2. mOS Socket Abstraction

The most important abstraction in mOS is the socket interface. We reuse the mTCP socket (socket with BSD-like semantics) for this purpose. Although functionally similar, the internal implementation of an mTCP socket is still markedly differently from BSD’s. Due to this reason, we pre-append all socket function names with mtcp_ keyword (e.g. mtcp_socket()). Our mOS socket library provides all important routines that you would typically need when dealing with BSD sockets (e.g. mtcp_getsockopt() and mtcp_setsockopt()).

The socket descriptor space is local to each mOS thread where each registered mTCP socket is associated with a thread context. This allows parallel socket creation from multiple threads by removing lock contention on the socket descriptor space. We also relax the semantics of socket() such that it returns any available socket descriptor instead of the minimum available fd. This reduces the overhead of finding the minimum available fd descriptor.

mOS provides two types of sockets: (i) mTCP sockets (for endpoints), and (ii) monitoring sockets (for middleboxes). We briefly explain both types below.

2.1. mTCP sockets

mTCP sockets (socket type: MOS_SOCK_STREAM) in mOS provide reliable end-to-end communication between the client and the server nodes. Users can build mOS server applications by calling sequence of BSD-like socket functions (mtcp_socket(), mtcp_bind(), mtcp_listen(), mtcp_accept()). We provide similar set of functions for building client applications (mtcp_socket(), mtcp_connect()) as well.

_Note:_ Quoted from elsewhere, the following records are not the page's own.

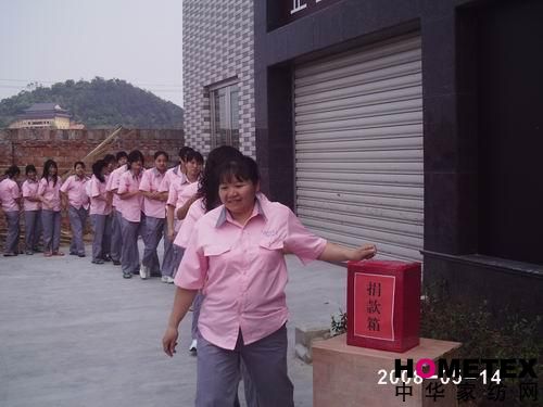 “伸出我們的雙手,獻出我們的愛心吧”。溫爾思家紡全體員工都以實際行動全力支持了此次募捐活動。全體員工排成長長的縱隊,以自己的方式,用自己的一片愛心為受災人民提供援助,幫助四川汶川縣災民度過難關!也響應了溫爾思“溫情暖萬家,關愛澤天下”的企業(yè)宗旨,關愛澤天下”作為企業(yè)宗旨的私營企業(yè),溫爾思家紡發(fā)起倡議,建議向四川地震災區(qū)捐款。
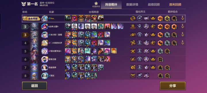 以为会和福星一样凑够条件吃鸡,费力凑齐满级和9暗星羁绊,眼睁睁看着黑洞一点点移动到棋盘中心,到启动前一秒,被对面莫甘娜秒了,这羁绊描述的太霸气,让我一时难以接受,以为稳吃鸡,结果拿个第二
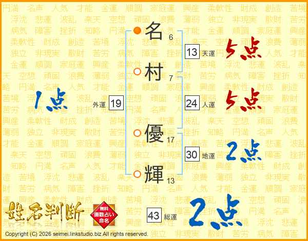 名(6画)村(7画) 優(17画)輝(13画)

Like Berkeley sockets, the connections built on mOS sockets also have internal flow control and congestion control implementations.

2.2. Monitoring sockets

For monitoring, we extend our networking API to introduce a new socket type called MOS_SOCK_MONITOR_STREAM. We term MOS_SOCK_MONITOR_STREAM sockets as simply stream monitoring sockets. Conceptually, a stream monitoring socket abstracts a middlebox’s tap-point on a passing flow or packets. A monitoring socket is similar to a Berkeley socket, but it differs in its operating semantics. First, a stream monitoring socket represents a non-terminating midpoint of an on-going TCP connection. With a stream monitoring socket, one can closely follow the TCP state change of both client and server without terminating a TCP connection explicitly. Second, a monitoring socket can monitor fine-grained TCP-layer operations while a stream Berkeley socket carries out coarse-grained, application-layer operations. For example, a monitoring socket can detect TCP or packet-level events such as abnormal packet retransmission, packet arrival order, abrupt connection termination, employment of weird TCP/IP options, etc., while it simultaneously supports reading flow-reassembled data from server or client.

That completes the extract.